California Dreaming Adds a Feeling of Deja Vu at NCAA Tournament
3/16/2017 11:56:00 AM | Men's Basketball
SACRAMENTO, Calif. – Eric Haut's first trip to an NCAA Men's Basketball Tournament was all the way back in 2001 when he was a freshman on the Kent State Men team that notched the program's first March Madness victory. Sixteen years later, the Golden Flashes associate head coach experienced a feeling of deja vu as the team plane touched down at Sacramento International Airport just before 2 p.m. on Wednesday.
"It was really neat, because this is a very similar trip to our trip in 2001," said Haut. "That year, we went to California, too. We were the No. 4-seed vs. the No. 13-seed game, just like we are this week. We played Indiana, which is a storied program. We'll play UCLA on Friday, which is also one of college basketball's storied program with all kinds of tradition. And Cincinnati was waiting for us in the second round that year. Well, we have Cincinnati in the same pod with us right now, and if we can win on Friday we could see Cincinnati again on Sunday."
The Flashes take on UCLA at the Golden 1 Center in downtown Sacramento on Friday night, 30 minutes after No. 6 Cincinnati battles No. 11 Kansas State as part of the tournament's South Regional.
Haut still remembers that wide-eyed feeling he dealt with during his first NCAA Tournament experience.Â
"It's unavoidable. You are going to feel that way," he said. "There's that energy about getting on a plane. It's a charter flight. You get to go somewhere you've never been before. That all kind of builds the excitement to get ready to play. I think our guys are dealing with that right now."
For Haut and the rest of head coach Rob Senderoff's staff, the trick until gameday is to convince the players that this is all business as usual.
"You try to do that, but this is obviously different," said Haut. "When we go on a road trip, normally there are 25 people on the bus. Today, there are 160 people with us. But in terms of our preparation and what we do in practice, studying personnel and film, it will all be the same."
Director of basketball operations Mike McKee played on the last Kent State team to appear in an NCAA Tournament game back in 2008. Like Haut, he has been trying to prepare this new generation of Golden Flashes for what lies ahead ever since the team secured its NCAA Tournament berth with a win over Akron in Saturday's Mid-American Conference championship game in Cleveland.Â
"Our first-round game in 2008 didn't go very well," McKee remembered. "We got off to a little bit of a slow start against UNLV that year, to say the least. But the overall experience was awesome with the charter plane from Akron-Canton to our tournament site in Omaha, Nebraska. Then you get on the bus and have a police escort. The whole experience for the players is just very cool.

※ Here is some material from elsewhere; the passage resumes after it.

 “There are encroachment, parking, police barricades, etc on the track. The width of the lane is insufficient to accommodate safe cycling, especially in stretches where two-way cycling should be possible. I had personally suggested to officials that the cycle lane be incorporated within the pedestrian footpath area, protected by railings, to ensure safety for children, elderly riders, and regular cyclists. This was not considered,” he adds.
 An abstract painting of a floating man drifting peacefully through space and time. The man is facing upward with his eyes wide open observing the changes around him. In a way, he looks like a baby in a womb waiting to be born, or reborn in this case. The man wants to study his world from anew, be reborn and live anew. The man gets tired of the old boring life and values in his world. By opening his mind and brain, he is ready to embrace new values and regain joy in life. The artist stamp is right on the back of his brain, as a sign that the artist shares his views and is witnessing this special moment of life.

"I've been trying to give our guys small bits of advice. If you check the box score of that game against UNLV, I didn't play many minutes, but I can still tell our players what they can expect, what they have to look forward to, how it's all going to work leading up to the game. They are going to be busy, but they are going to have fun. And on Friday night at 6:57 local time, when the ball goes in the air, they just have to play their hearts out."

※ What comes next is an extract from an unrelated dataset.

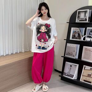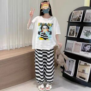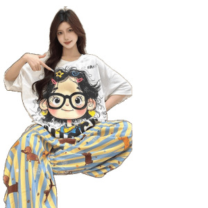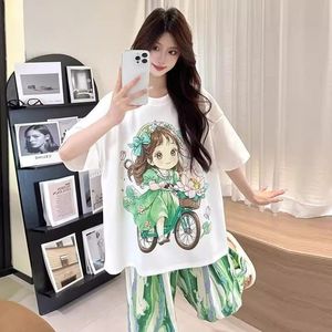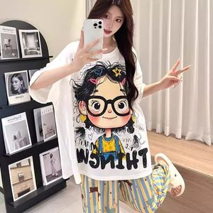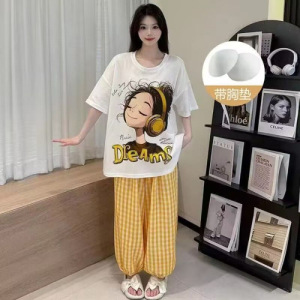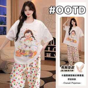 女性のための胸パッド付き人気パジャマ 2025 夏クラウドコットン半袖ズボン甘い漫画ホームウェアツーピーススーツ

As of Thursday morning, the Golden Flashes players have been handling the experience with tremendous poise. Their first practice in California, held Wednesday night at Capital Christian High School, was all business.
"In 2001, it didn't hit me that we were actually at the NCAA Tournament until we walked into Cox Arena in San Diego and saw how many people were there," Haut remembered. "It's like that for everyone, but then eventually everyone calms down. In that game, we were down early, but we came back and made plays. You really don't even notice what you are doing in the game. You don't realize all the excitement going on in the arena. We didn't realize it even after we beat Indiana. We just kind of went back to the hotel, went to bed, and then the coaches had a gameplan ready for us the next morning for who we were going to play next.
"For our guys, I think it's going to hit them that they are here on Thursday night when we go to the arena for the open practice and there is all of the media stuff, the press conference. That's when they'll get it."